__Work request__. Write out, word for word and with no pictures, each line below from the one containing "[01:20.77] | 想把黑人消灭殆尽 |" through the one containing "Hear from CX", both included, and no other line.

__Given data__.

* * *

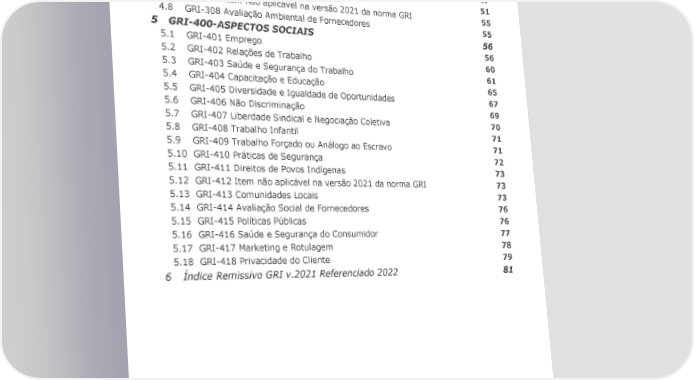 4 GRI-300-ASPECTOS AMBIENTAIS 42 4.1 GRI-301 Materiais 42 4.2 GRI-302 Energia 43 4.3 GRI-303 Água e efluentes 45 4.4 GRI-304 Biodiversidade 47 4.5 GRI-305 Emissões 47 4.6 GRI-306 Resíduos 51 4.7 GRI-307 Item não aplicável na versão 2021 da norma GRI 55 4.8 GRI-308 Avaliação Ambiental de Fornecedores 55 5 GRI-400-ASPECTOS SOCIAIS 56 5.1 GRI-401 Emprego 56 5.2 GRI-402 Relações de Trabalho 60 5.3 GRI-403 Saúde e Segurança do Trabalho 61 5.4 GRI-404 Capacitação e Educação 65 5.5 GRI-405 Diversidade e Igualdade de Oportunidades 67 5.6 GRI-406 Não Discriminação 69 5.7 GRI-407 Liberdade Sindical e Negociação Coletiva 70 5.8 GRI-408 Trabalho Infantil 71 5.9 GRI-409 Trabalho Forçado ou Análogo ao Escravo 71 5.10 GRI-410 Práticas de Segurança 72 5.11 GRI-411 Direitos de Povos Indígenas 73 5.12 GRI-412 Item não aplicável na versão 2021 da norma GRI 73 5.13 GRI-413 Comunidades Locais 73 5.14 GRI-414 Avaliação Social de Fornecedores 76 5.15 GRI-415 Políticas Públicas 76 5.16 GRI-416 Saúde e Segurança do Consumidor 77 5.17 GRI-417 Marketing e Rotulagem 78 5.18 GRI-418 Privacidade do Cliente 79 6 Índice Remissivo GRI v.2021 Referenciado 2022 81 Relatório Referenciado GRI | 2022 3
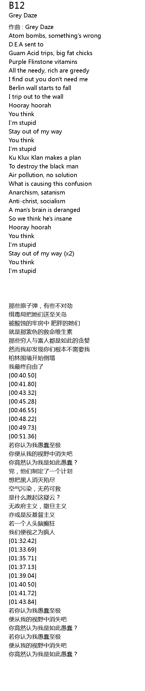 | [01:20.77] | 想把黑人消灭殆尽 |
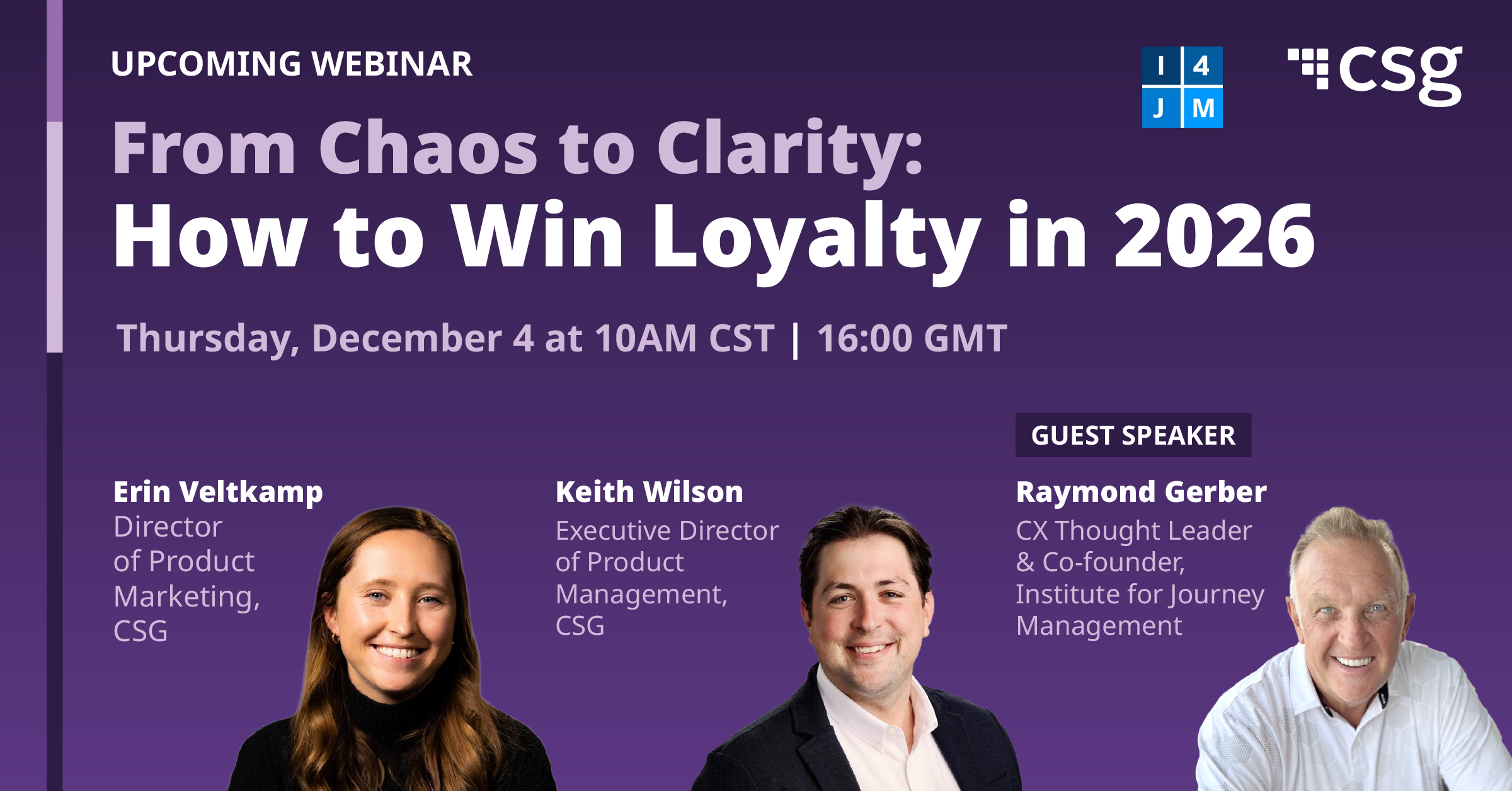 Hear from CX experts from the Institute of Journey Management and CSG as they unpack new research and share strategies that reduce noise, simplify experiences, and earn customer trust.
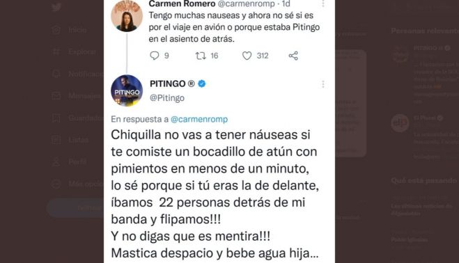 "Tengo muchas náuseas y ahora no sé si es por el viaje en avión o porque estaba Pitingo en el asiento de atrás", tuiteó Carmen Romero. Pitingo, lejos de quedarse al margen del comentario, decidió responder con rotunda sinceridad: "Chiquilla no vas a tener náuseas, si te comiste un bocadillo de atún con pimientos en menos de un minuto, lo sé porque si tú eras la de delante, íbamos 22 personas detrás de mi banda y flipamos. Y no digas que es mentira!! Mastica, despacio y bebe agua hija, se te pasará":

* * *

__Exercise result__.
 | [01:20.77] | 想把黑人消灭殆尽 |
 Hear from CX experts from the Institute of Journey Management and CSG as they unpack new research and share strategies that reduce noise, simplify experiences, and earn customer trust.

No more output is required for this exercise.